Gold nanoparticles that behave like a liquid

When inorganic nanoparticles come together, their optical, electronic, and magnetic properties depend strongly on how they are arranged. Being able to reorganize these arrangements in a controlled way could therefore provide a powerful method for tuning material properties.

A research team led by Dr. Rina Sato (formerly of IMRAM, Tohoku University; currently at ICYS, NIMS) and Professor Kiyoshi Kanie (SRIS, Tohoku University) has discovered that gold nanoparticles at the air/water interface can dynamically reorganize their structure in response to temperature changes and mechanical compression. The study reveals, for the first time, that small changes in how organic molecules are distributed on nanoparticle surfaces can trigger large-scale structural transformations across an entire nanoparticle layer.

In dry environments, the organic molecules attached to nanoparticle surfaces usually have very limited mobility, and structural changes often require temperatures above 100 °C. To overcome this challenge, the researchers focused on the air/water interface, where nanoparticles coated with hydrophobic molecules naturally assemble into two-dimensional layers.

The team synthesized gold nanoparticles coated with two different types of organic molecules: a temperature-responsive dendritic liquid-crystal molecule known as a "dendron," and a simple linear-chain ligand. They then examined how these nanoparticles behaved when the temperature increased and when the nanoparticle layer was mechanically compressed.

The researchers observed highly dynamic, liquid-like behavior. At room temperature, the nanoparticles formed isolated island-like structures. As the temperature increased, these structures gradually transformed into chain-like arrangements and then into large network-like patterns at around 40 °C. When the layer was compressed, the network structures returned to island-like domains.
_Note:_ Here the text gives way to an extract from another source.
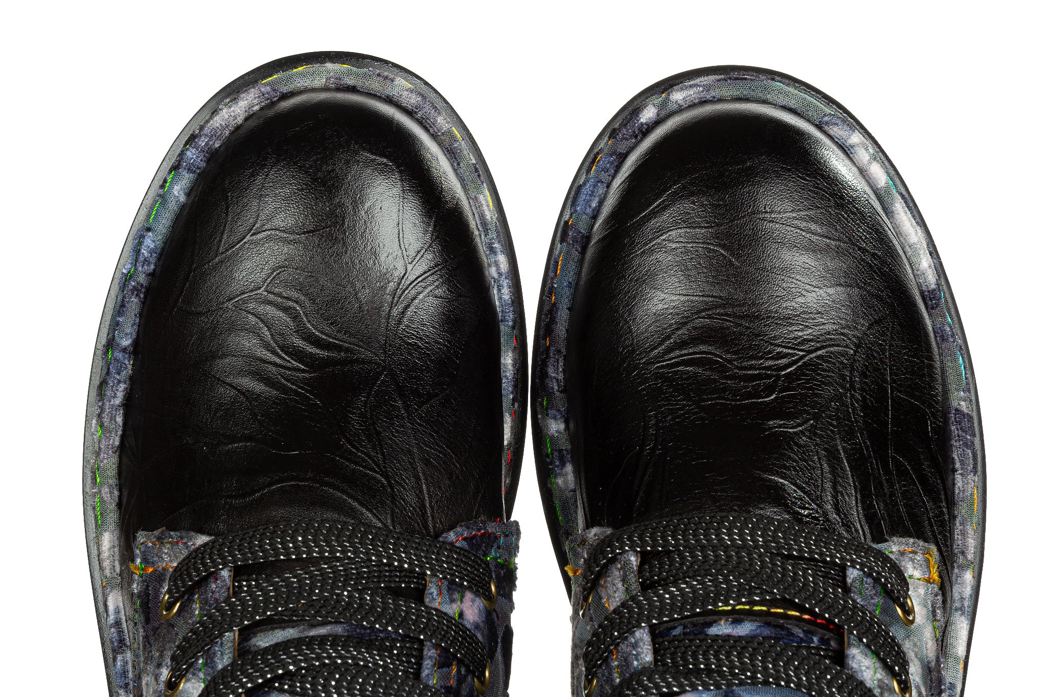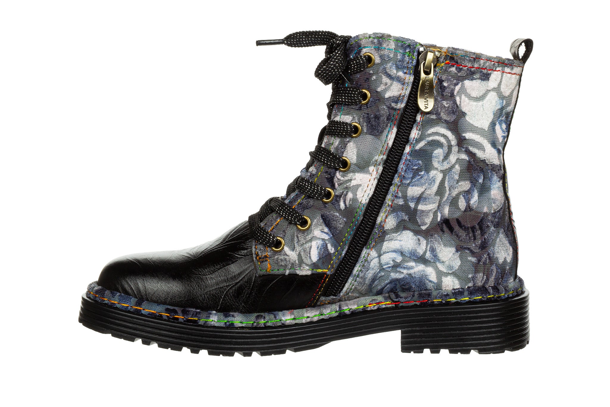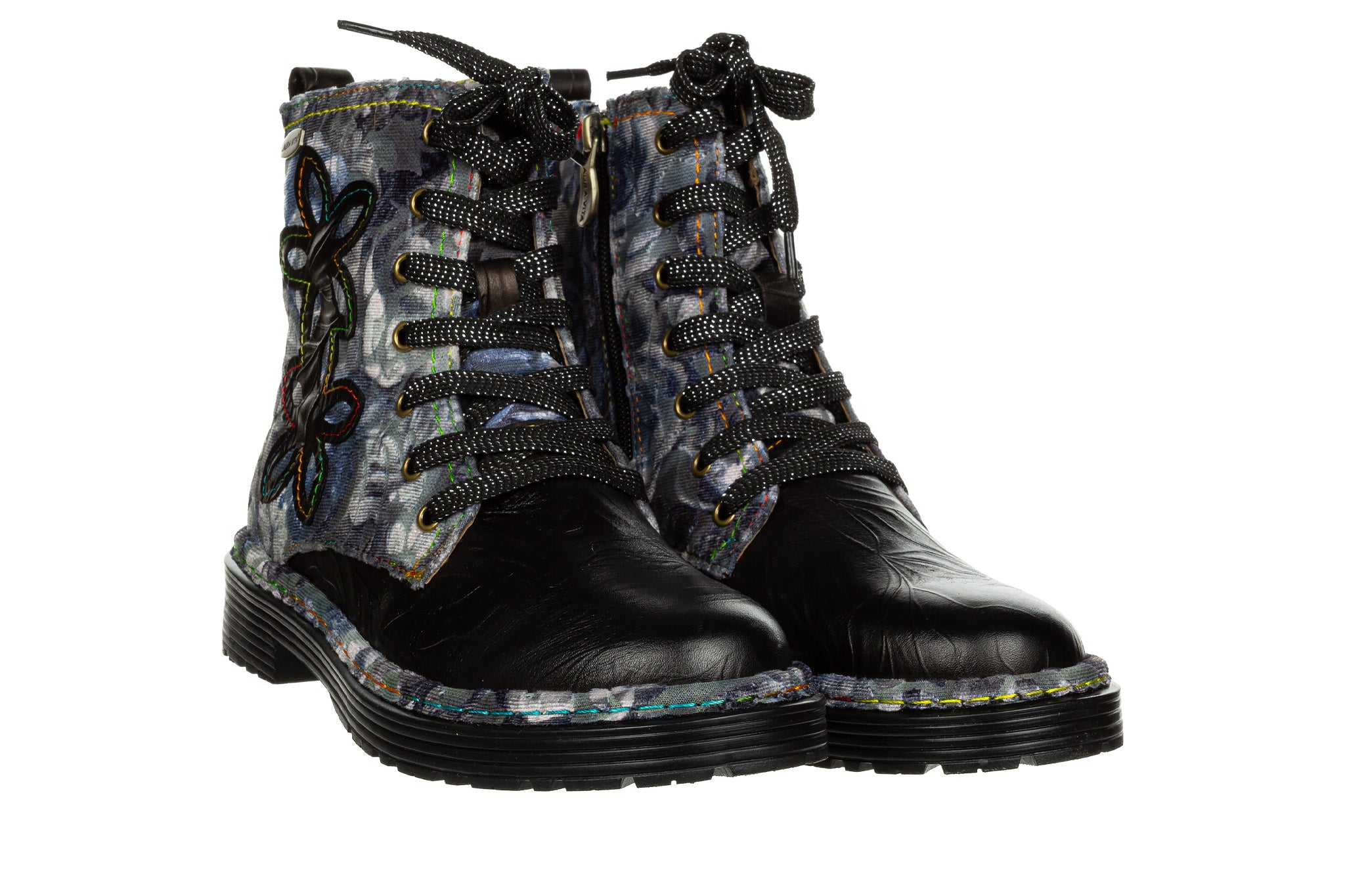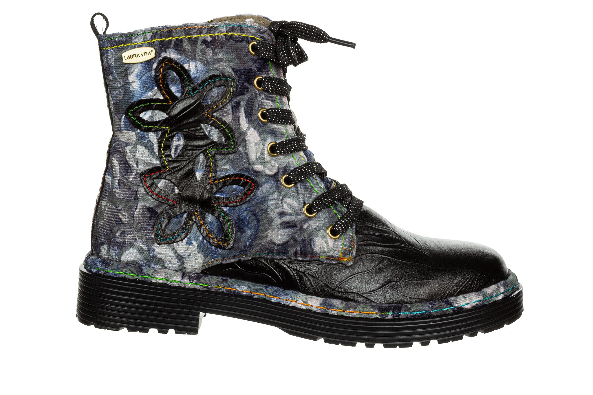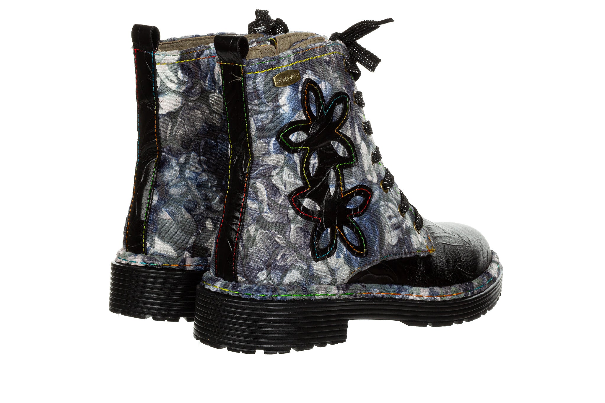 Trzewiki francuskiej marki Laura Vita w kolorach grafitu, czerni i szarości - przełamane subtelnymi akcentami fioletu i zieleni w kwiatowym motywie.
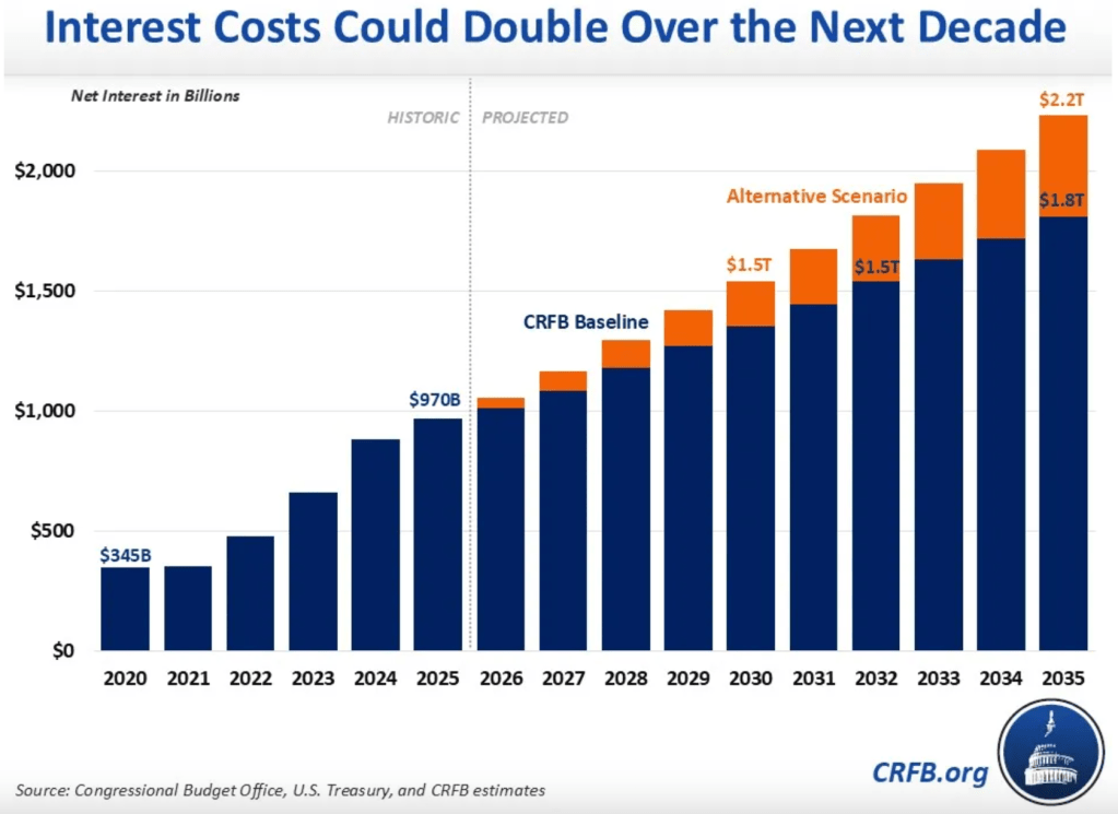 CRFB warns the numbers could get worse under certain policy scenarios. If the Supreme Court strikes down major parts of the Trump administration’s tariffs and provisions in the One Big Beautiful Bill Act are made permanent without offsets, CRFB estimates interest payments could exceed $2.0 trillion in 2034 and hit roughly $2.2 trillion in 2035. The group contrasted today’s reality with just five years ago: in FY 2020, net interest costs were $345 billion. Since then, they have roughly tripled, accelerated by pandemic-era emergency spending and higher borrowing needs—an increase CRFB suggests is becoming less a spike and more a lasting baseline.

Using X-ray measurements at the DESY synchrotron facility in Hamburg, the team identified the mechanism behind this behavior. The two types of surface molecules spontaneously redistributed themselves across the nanoparticle surface in response to external stimuli. This changed the apparent symmetry of the nanoparticles, driving the large-scale reorganization of the entire assembly.
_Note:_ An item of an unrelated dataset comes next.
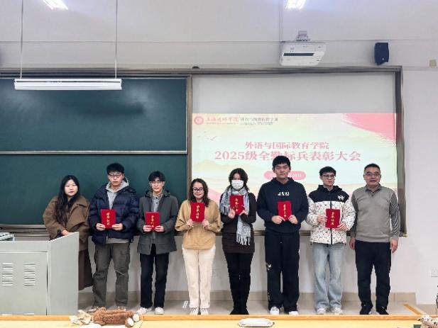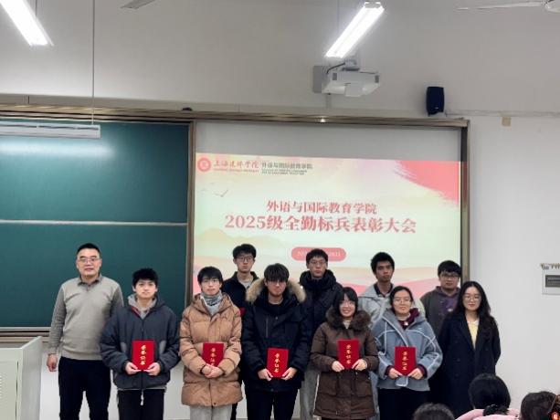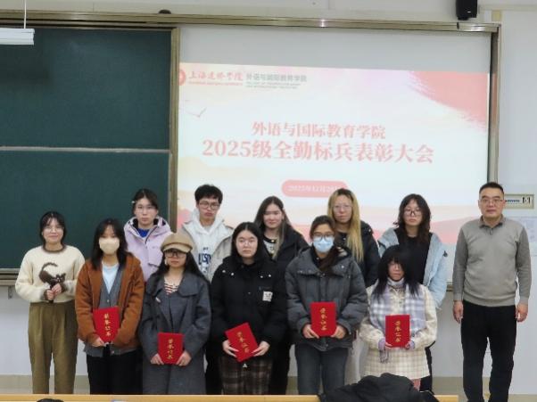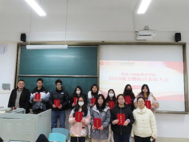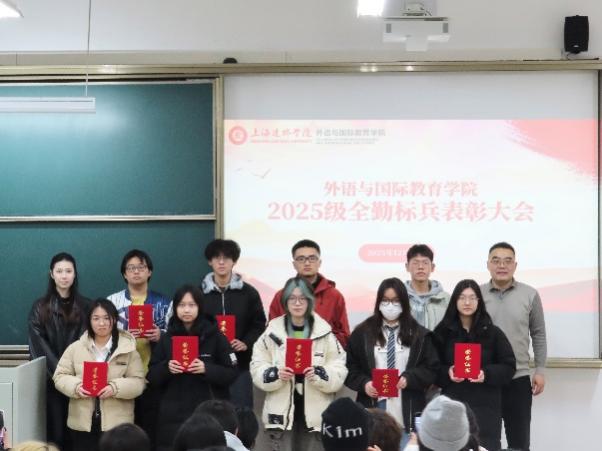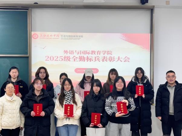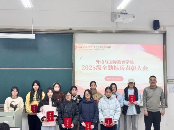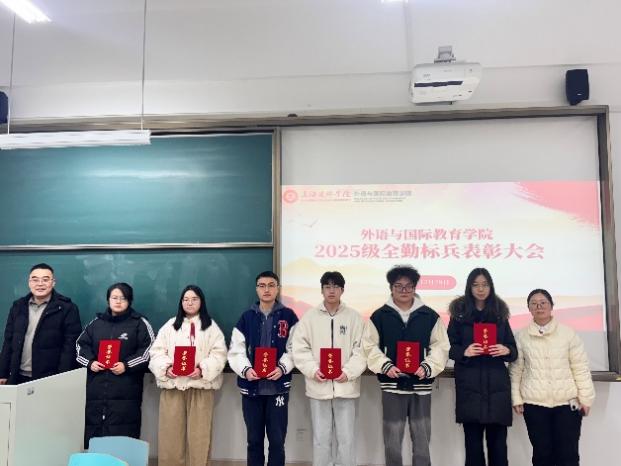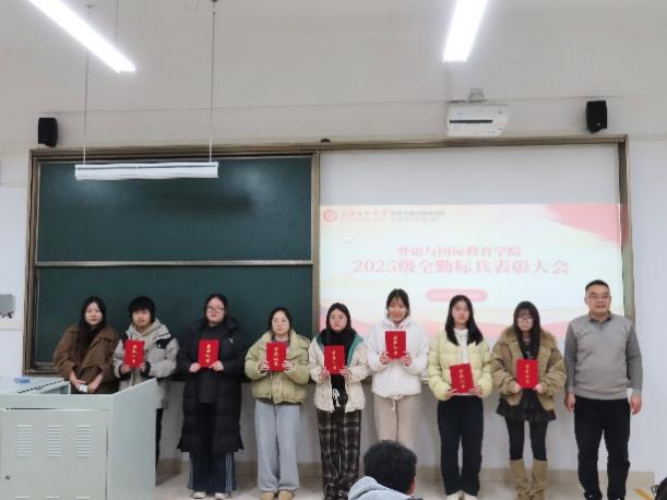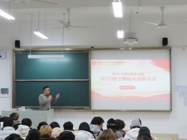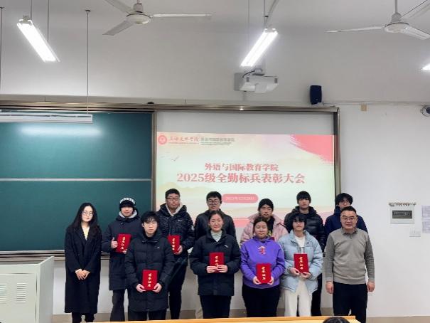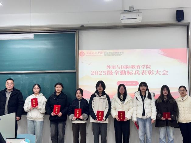 为表彰先进、树立学风典范,激励2025级新生涵养勤学自律品格,12月28日晚,外语与国际教育学院在新生晚自习教室隆重举行“全勤标兵”颁奖典礼。学院党委副书记徐伟、2025级年级组长刘志霞、全体辅导员及大一新生共同参与,见证榜样风采,汇聚奋进力量。

"This work demonstrates how very small molecular-level changes can lead to dramatic structural transformations in nanoparticle systems," said Kanie. "We believe this finding opens a new pathway for designing smart and adaptive materials that respond dynamically to their environment."

The findings show how subtle molecular movements can control the collective behavior of nanoparticle systems, offering a new strategy for designing responsive surfaces and materials. Because the structural changes occur near physiological temperatures, the research could contribute to future biomedical technologies, including drug delivery systems that respond to local temperature differences such as those found around tumors. The work may also support the development of adaptive materials for microfluidic devices and other next-generation nanotechnologies.

These findings were published in the Journal of the American Chemical Society on May 1, 2026.